Desbloqueó el móvil, deslizándose rápidamente hacia la bandeja de llamadas perdidas, aún con un semblante incrédulo, trató de ignorar las más de tres llamadas realizadas por el moreno. Salió de la aplicación para ahora dirigirse a las notificaciones con cada uno de los mensajes recibidos durante la noche.
Todo fue demasiado rápido, verse colapsar y no poder evitar la desesperación aunado a la ira. Aquel enojo consigo mismo por su irresponsabilidad y no ser capaz de impedir que aquello sucediera. El llanto comenzó como un gran nudo en la garganta, hasta que logró materializarse a través de las lágrimas, con aquellos alaridos ansiando por salir, reprimiéndolos pobremente.

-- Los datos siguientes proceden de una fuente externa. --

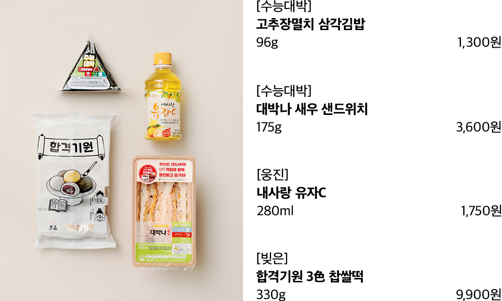 “공부하느라 힘들지?” 학창시절 공부하는 책상 옆으로 스윽 간식거리가 올라올 때면, 열중하다가도 한 번 고개를 털고 기지개를 켜곤 했습니다. 공부도 힘이 있어야 잘 되는 것 같아요. 기출문제 하나라도 더 봐야 할 지금이라지만 그래도 밥을 먹어야 집중이 되니까요. ‘수능대박’이 대문짝만하게 찍힌 삼각김밥을 금세 해치우고 새우 샌드위치까지 먹고 나니 빈속이 금방 두둑해집니다. 합격기원을 상징하는 찹쌀떡은 부적처럼 가방 앞주머니에 챙기고, 따끈하게 데운 꿀 물병은 독서실 가는 동안 마시겠어요.

Fueron pocos los minutos transcurridos al salir de su departamento, si hubiera sido más obstinado para no dejarlo ir, tal vez Minho se encontraría aún a su lado y no preso de su libertad.
Un estruendo deformó el semblante tan serio de Kibum, jamás había visto a Taemin de aquella manera. El móvil había golpeado una de las paredes con demasiada fuerza abollándola por el impacto y permitiéndole comparar como el menor se encontraba igual de frágil que el material, no deseaba emitir alguna palabra. Temía por la próxima reacción del pelinegro.
Eran las once de la mañana en Seúl y el día transcurría como cualquier otro.